Thanks for your help.
We are now trying to add a accelerator backend into tvm, but we encountered problem related to tensorize and reduction. First we defined a “vector add” tensor intrin like this:
shape = (16, ) dtype = 'int16' in1 = tvm.placeholder(shape, dtype, 'in1') in2 = tvm.placeholder(shape, dtype, 'in2') out = tvm.compute(shape, lambda i: in1[i] + in2[i], 'out') in1_buf, in2_buf, out_buf = decl_bufs for tensors def lower_func(ins, outs): din1, din2 = ins[0], ins[1] dout = outs[0] irb = tvm.ir_builder.create() irb.scope_attr(env.nnpu_axis, "coproc_scope", 0) irb.emit(tvm.call_extern("int32", 'NNPU_VAddV', dout.access_ptr('w', 'uint32'), din1.access_ptr('r', 'uint32'), din2.access_ptr('r', 'uint32'), shape[0], )) return irb.get() return tvm.decl_tensor_intrin(out.op, lower_func, name='VAddV', binds={in1: in1_buf, in2: in2_buf, out: out_buf})

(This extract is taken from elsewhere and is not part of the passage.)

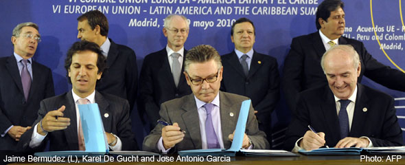 The European Union on Wednesday signed agreements liberalizing trade with Central America, Peru and Colombia, while some Latin American leaders criticized such deals as only favouring rich countries.
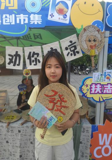 活动现场,摊位陈列着琳琅满目的创意好物,本次活动着力打造四大特色板块,手绘蒲扇摊位,将天然蒲草与个性文字、图案相结合,兼具实用与时尚;手工中药香囊,以精美刺绣搭配艾叶、薄荷等中药材,驱蚊、安神功效各异,传承中医药文化;3D打印作品涵盖创意摆件、文具和饰品,科技与艺术完美融合,且所有商品定价亲民,契合大学生消费能力。资助政策宣传摊位,将资助知识宣传通过图文展板、宣传手册与案例讲解,呈现国家助学贷款、勤工助学、助学金等政策体系,使学生更加了解资助政策。

And then we tried to use this “VAddV” intrin to sum all rows of a matrix up like this:
shape = (16, 16) dtype = ‘int16’ A = tvm.placeholder(shape, dtype, ‘A’) A_buf = tensor A copied to accelerator
k = tvm.reduce_axis((0, 16), ‘k’) B_buf = tvm.compute((16, ), lambda i: tvm.sum(a_buf[k, i], k), ‘B_buf’) B_host = tensor B_buf copied back to host
s = tvm.create_schedule(B_host.op) s[B_buf].reorder(s[B_buf].op.reduce_axis[0], s[B_buf].op.axis[0]) s[B_buf].tensorize(s[B_buf].op.axis[0], env.intrins[‘VAddV’])
// other unrelated code are omitted, such as pragma and set_scope.
print(nnpu.lower(s, [a, B_host], simple_mode=True))
Then the lower phrase fails with error:
Traceback (most recent call last): File "test_batch_reduce.py", line 52, in <module> test() File "test_batch_reduce.py", line 28, in test print(nnpu.lower(s, [a, b_host], simple_mode=True)) File "/home/jian/repositories/tvm/nnpu/python/nnpu/build_module.py", line 66, in lower return tvm.lower(*args, **kwargs) File "/home/jian/environments/tvm-env/local/lib/python2.7/site-packages/tvm-0.5.dev0-py2.7-linux-x86_64.egg/tvm/build_module.py", line 341, in lower stmt = schedule.ScheduleOps(sch, bounds) File "/home/jian/environments/tvm-env/local/lib/python2.7/site-packages/tvm-0.5.dev0-py2.7-linux-x86_64.egg/tvm/_ffi/_ctypes/function.py", line 185, in __call__ ctypes.byref(ret_val), ctypes.byref(ret_tcode))) File "/home/jian/environments/tvm-env/local/lib/python2.7/site-packages/tvm-0.5.dev0-py2.7-linux-x86_64.egg/tvm/_ffi/base.py", line 68, in check_call raise TVMError(py_str(_LIB.TVMGetLastError())) tvm._ffi.base.TVMError: [10:59:17] /home/jian/repositories/tvm/src/op/tensorize.cc:195: Check failed: inputs.size() == intrin->inputs.size() (1 vs. 2)
the IR code before tensorize is:
produce b_buf { for (i.init, 0, 16) { a_buf[(i.init + 256)] = (int16)0 } for (k, 0, 16) { for (i, 0, 16) { a_buf[(i + 256)] = (a_buf[((k*16) + i)] + a_buf[(i + 256)]) } } }
Even if we returned a 3-tuple expressing (body, init, update), it failes too.
I wonder is it possible to do a tensorized reduction in some way with tvm? I thought it is a pretty resonable usage. Thanks sincerely!